= YOUR INSTRUCTIONS =
Please give an exact printout of the records, without any pictures.

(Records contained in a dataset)
***
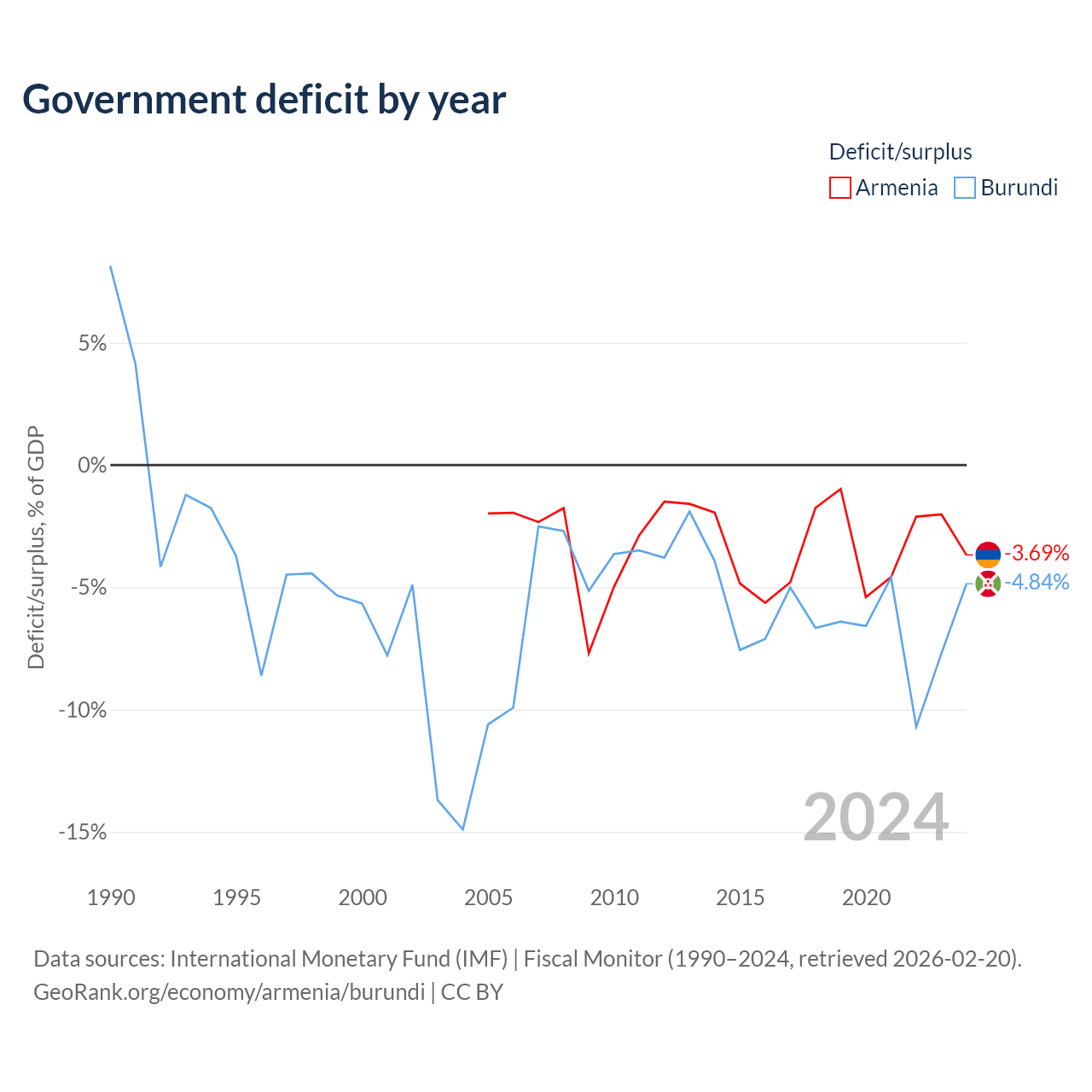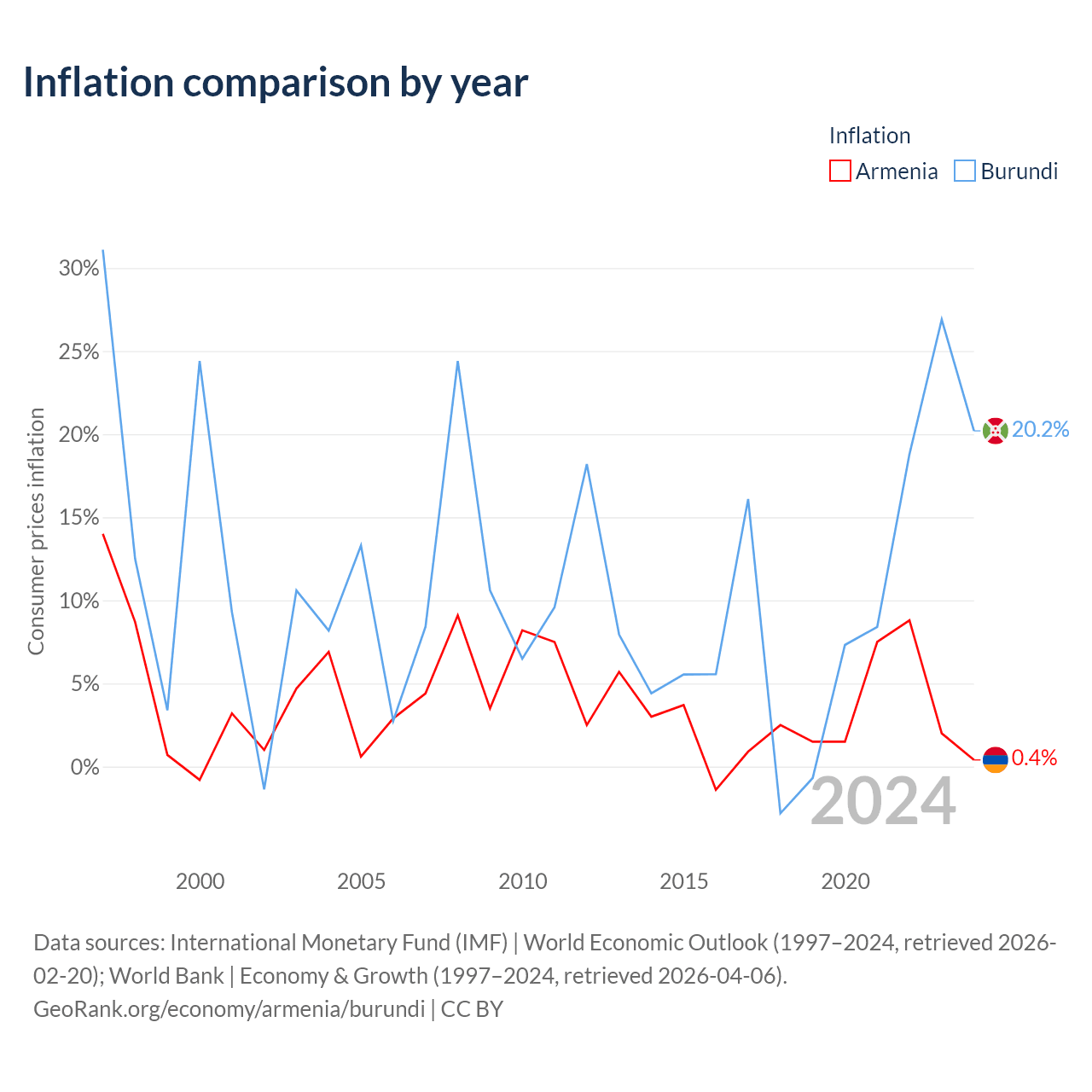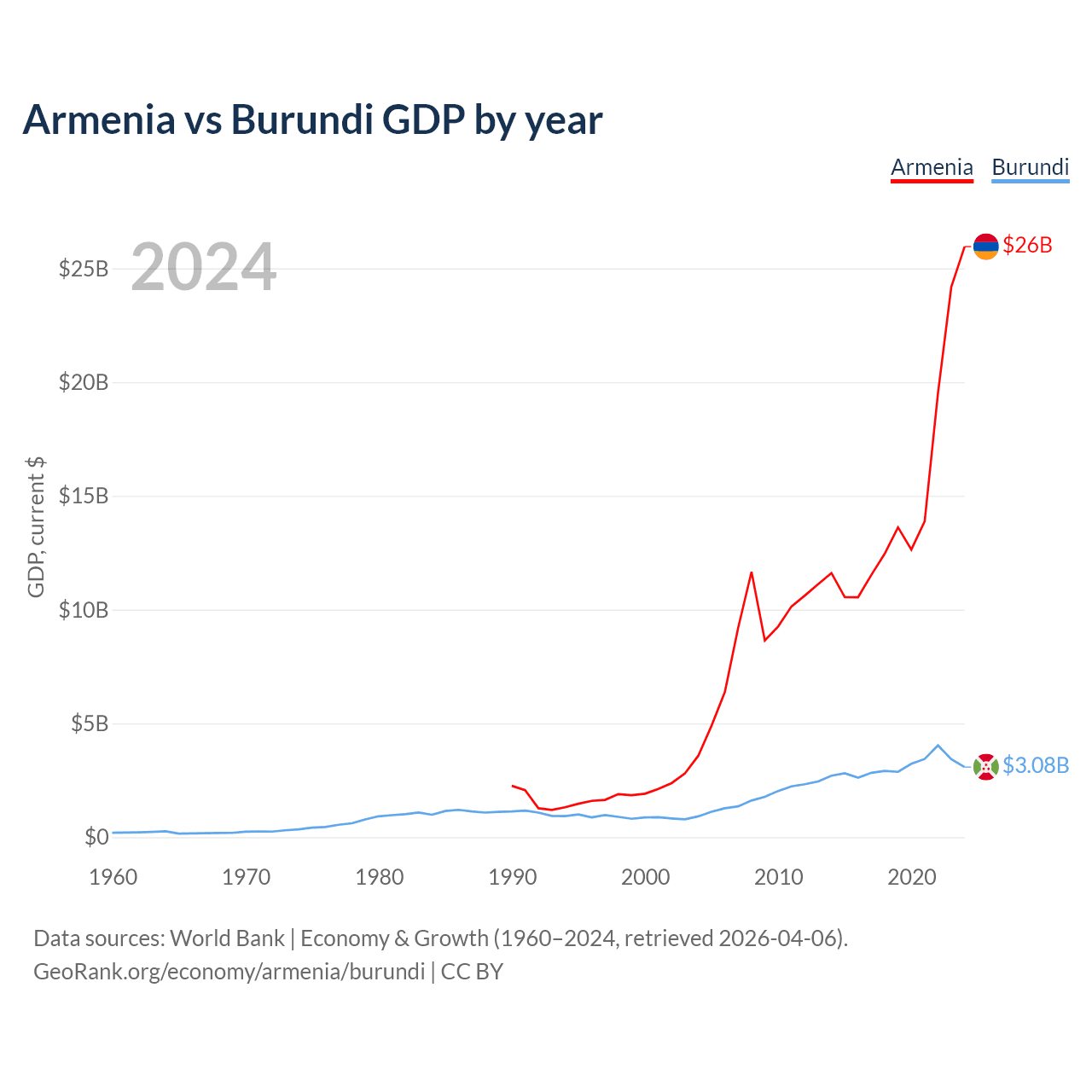 Armenia has a GDP of $26B compared to $3.08B for Burundi, ranking 114/197 and 169/197 by economy size, respectively.
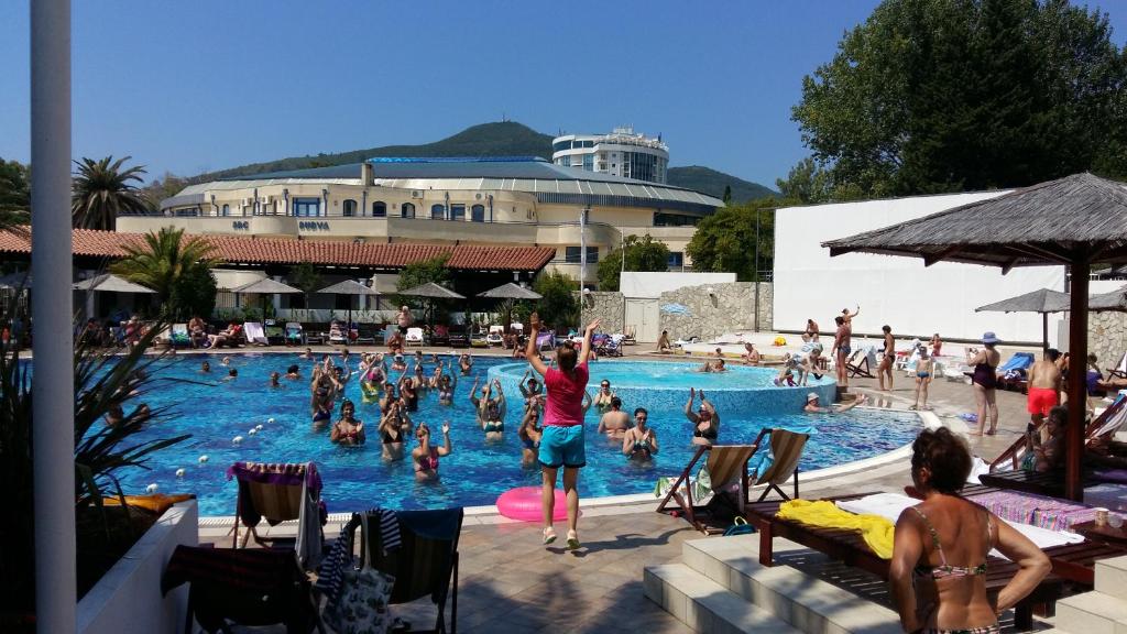 Sadržaj: Naselje se sastoji od recepcije, restorana, caffe barova, aperitiv barova, samoposluge, wellness i spa, teniskog i golf terene, igraonice i bazena za decu, Rondo bazen sa morskom vodom i bioskopom od 15/06-15/09, wireless internet gratis na javnim mestima (recepcija, loby, restoran Pjaca), parking koji se plaća.
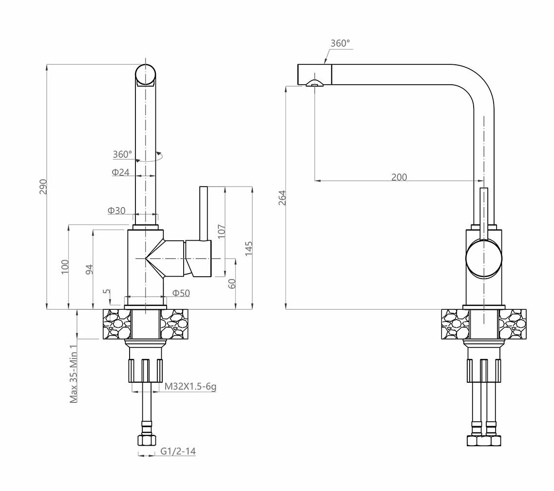 GRANFEST Смеситель для кухни боковой D-35мм(серый) 310
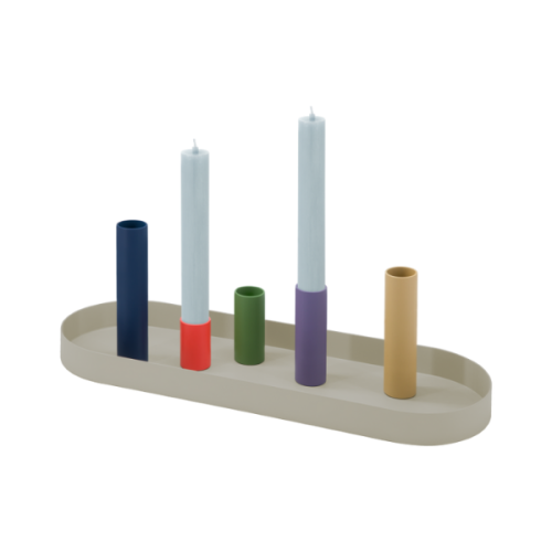Safata ovalada amb els 5 portaespelmes magnètics. S’adapta perfectament a superfícies estretes o rectangulars i es pot redecorar una i altra vegada segons les teves preferències.
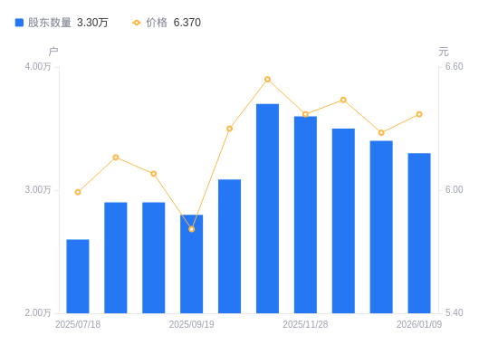 日期A股户数(户)流通A股户均持股数(股)户均持股市值(万元)2026-01-093300044579.0828.402025-12-313400043267.9327.172025-12-193500042026.2227.062025-11-283600040854.6926.022025-11-103700039197.0525.632025-09-303085547003.4329.612025-09-192800051371.4929.852025-08-202900049600.0630.162025-08-082900049600.0630.552025-07-182600055323.1533.14
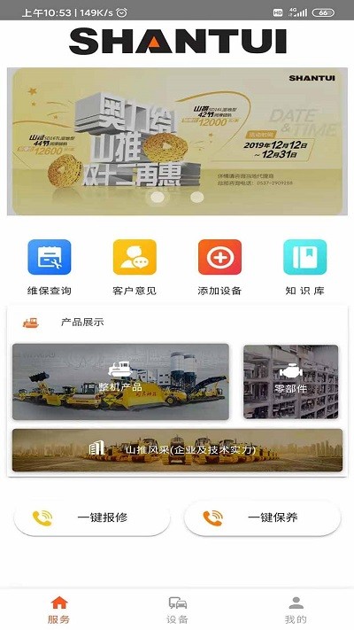 山推e路行软件是为旗下产品用户打造的手机智能设备管理app,让购买的旗下挖土机的用户可以在手机上更好的管理设备,能够查看机器的各种数据与安全,在出现问题的时候方便大家线上报修,软件还有官方商城让大家购买正品配件,各种行业信息也为大家提供。
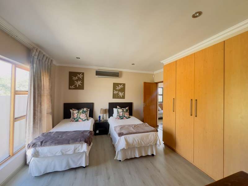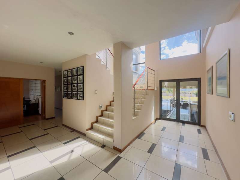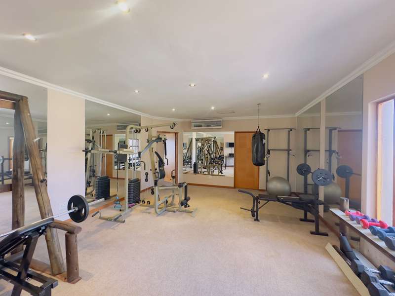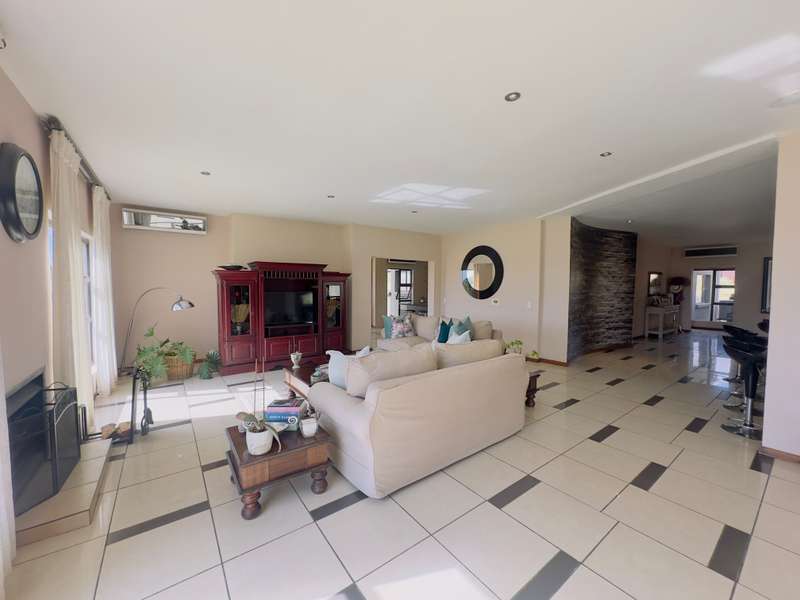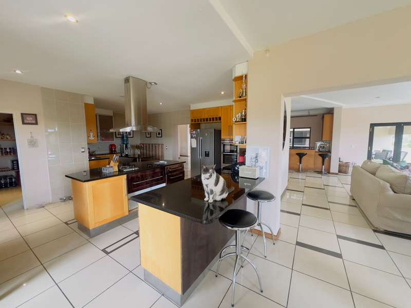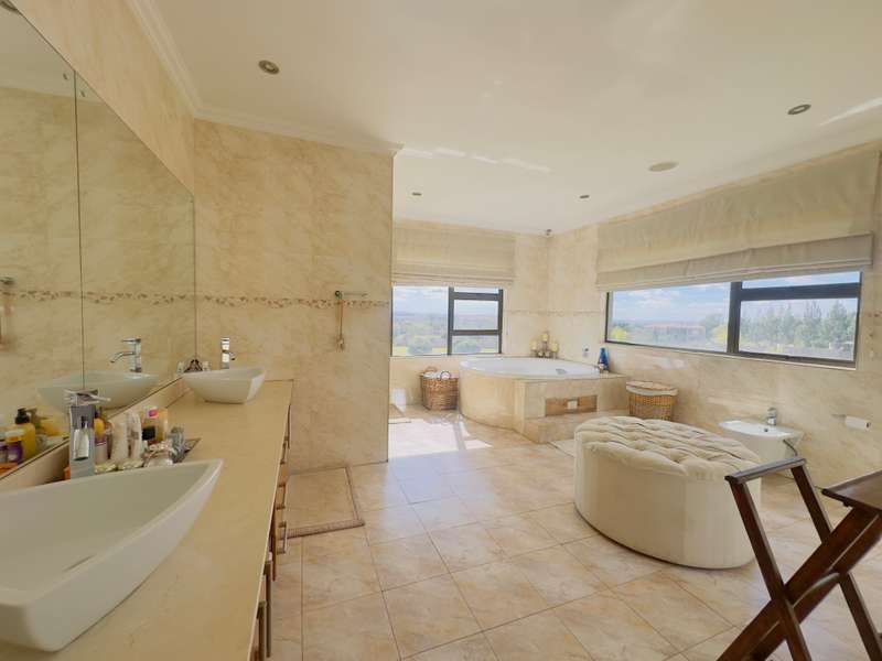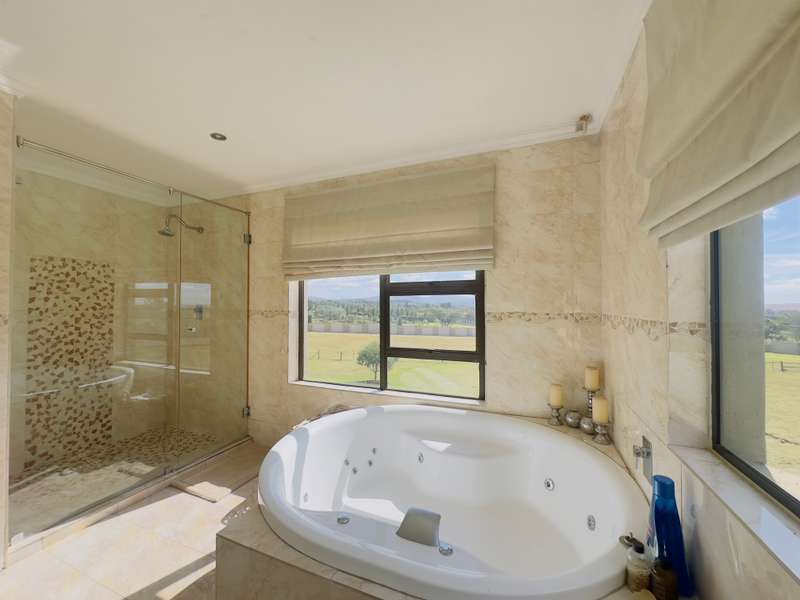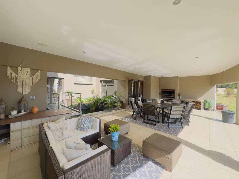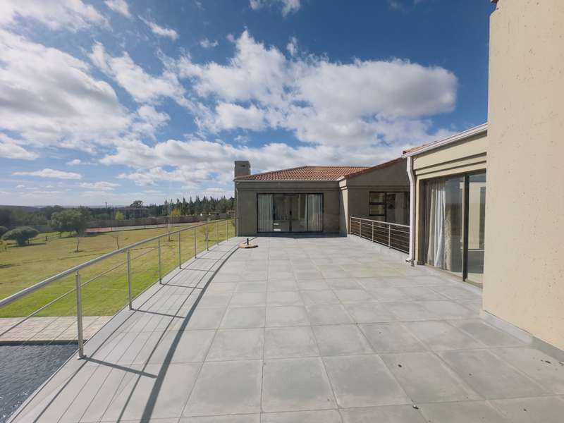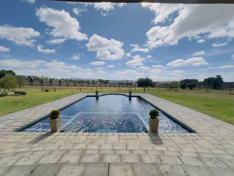 Experience Tranquility and Luxury at Blue Saddle Ranches - Just 20 km south of Alberton, discover a haven of peace and sophistication in this executive estate. This exceptional property seamlessly blends luxury, comfort, and top-tier security—offering a lifestyle tailored for the discerning homeowner. Step through the grand double glass doors crossing the sleek glass bridge into an atmosphere of refined elegance - Perfect for entertaining, the expansive covered entertainment area features a built-in braai and a modern swimming pool—ideal for weekend relaxation or hosting guests in style. Indoors, a cozy lounge with a fireplace and an elegant bar provides the perfect setting for quiet evenings or lively gatherings. A stylish dining area and well-appointed kitchen—caters to both culinary creativity and casual dining - With a breakfast nook, stove, pantry, and scullery, this space is designed for ease and sophistication. For film lovers, a private cinema room promises the ultimate movie nights, while a spacious home office is ideal for remote work or study. This remarkable property includes two distinct homes. The main residence boasts six en-suite bedrooms, including a luxurious main suite with a fireplace, expansive walk-in wardrobe, and a separate room perfect for a nursery or private study. Wellness enthusiasts will appreciate the in-home gym, complete with steam room, sauna, shower, and toilet. A generous duplex flatlet with separate living spaces offers flexible accommodation for extended family or guests. The second home, with its own entrance and private driveway, features two bedrooms, a full bathroom, a sleek modern kitchen, and an open-plan dining and lounge area that leads onto a wraparound patio overlooking a manicured garden. A two-car carport adds practical convenience. Additional Features Include: • Three garages • Borehole with a comprehensive filtration system • Established fruit trees and vegetable garden • Guest toilet • Multiple living and workspaces • Cinema room with fireplace Schedule Your Private Viewing Today Opportunities like this are rare—step into an extraordinary lifestyle at Blue Saddle Ranches. Contact us today to arrange your exclusive tour.
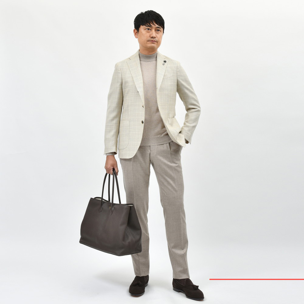 秋冬シーズン、タイドアップするのも良いですが、ハイゲージタートルやモックネックを合わせ、ウールパンツで引き締めるクリーンなスタイルがとても良い様に思います。
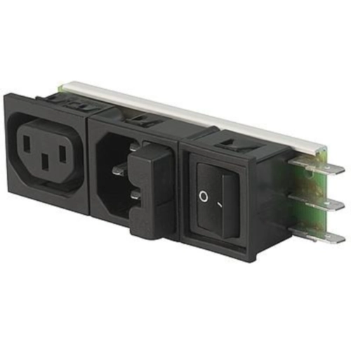 IEC Gerätesteckdose C14 + F mit modular erweiterbaren Komponenten.
***
= RESPONSE TO THIS TASK =
 Armenia has a GDP of $26B compared to $3.08B for Burundi, ranking 114/197 and 169/197 by economy size, respectively.
 Sadržaj: Naselje se sastoji od recepcije, restorana, caffe barova, aperitiv barova, samoposluge, wellness i spa, teniskog i golf terene, igraonice i bazena za decu, Rondo bazen sa morskom vodom i bioskopom od 15/06-15/09, wireless internet gratis na javnim mestima (recepcija, loby, restoran Pjaca), parking koji se plaća.
 GRANFEST Смеситель для кухни боковой D-35мм(серый) 310
Safata ovalada amb els 5 portaespelmes magnètics. S’adapta perfectament a superfícies estretes o rectangulars i es pot redecorar una i altra vegada segons les teves preferències.
 日期A股户数(户)流通A股户均持股数(股)户均持股市值(万元)2026-01-093300044579.0828.402025-12-313400043267.9327.172025-12-193500042026.2227.062025-11-283600040854.6926.022025-11-103700039197.0525.632025-09-303085547003.4329.612025-09-192800051371.4929.852025-08-202900049600.0630.162025-08-082900049600.0630.552025-07-182600055323.1533.14
 山推e路行软件是为旗下产品用户打造的手机智能设备管理app,让购买的旗下挖土机的用户可以在手机上更好的管理设备,能够查看机器的各种数据与安全,在出现问题的时候方便大家线上报修,软件还有官方商城让大家购买正品配件,各种行业信息也为大家提供。
 Experience Tranquility and Luxury at Blue Saddle Ranches - Just 20 km south of Alberton, discover a haven of peace and sophistication in this executive estate. This exceptional property seamlessly blends luxury, comfort, and top-tier security—offering a lifestyle tailored for the discerning homeowner. Step through the grand double glass doors crossing the sleek glass bridge into an atmosphere of refined elegance - Perfect for entertaining, the expansive covered entertainment area features a built-in braai and a modern swimming pool—ideal for weekend relaxation or hosting guests in style. Indoors, a cozy lounge with a fireplace and an elegant bar provides the perfect setting for quiet evenings or lively gatherings. A stylish dining area and well-appointed kitchen—caters to both culinary creativity and casual dining - With a breakfast nook, stove, pantry, and scullery, this space is designed for ease and sophistication. For film lovers, a private cinema room promises the ultimate movie nights, while a spacious home office is ideal for remote work or study. This remarkable property includes two distinct homes. The main residence boasts six en-suite bedrooms, including a luxurious main suite with a fireplace, expansive walk-in wardrobe, and a separate room perfect for a nursery or private study. Wellness enthusiasts will appreciate the in-home gym, complete with steam room, sauna, shower, and toilet. A generous duplex flatlet with separate living spaces offers flexible accommodation for extended family or guests. The second home, with its own entrance and private driveway, features two bedrooms, a full bathroom, a sleek modern kitchen, and an open-plan dining and lounge area that leads onto a wraparound patio overlooking a manicured garden. A two-car carport adds practical convenience. Additional Features Include: • Three garages • Borehole with a comprehensive filtration system • Established fruit trees and vegetable garden • Guest toilet • Multiple living and workspaces • Cinema room with fireplace Schedule Your Private Viewing Today Opportunities like this are rare—step into an extraordinary lifestyle at Blue Saddle Ranches. Contact us today to arrange your exclusive tour.
 秋冬シーズン、タイドアップするのも良いですが、ハイゲージタートルやモックネックを合わせ、ウールパンツで引き締めるクリーンなスタイルがとても良い様に思います。
 IEC Gerätesteckdose C14 + F mit modular erweiterbaren Komponenten.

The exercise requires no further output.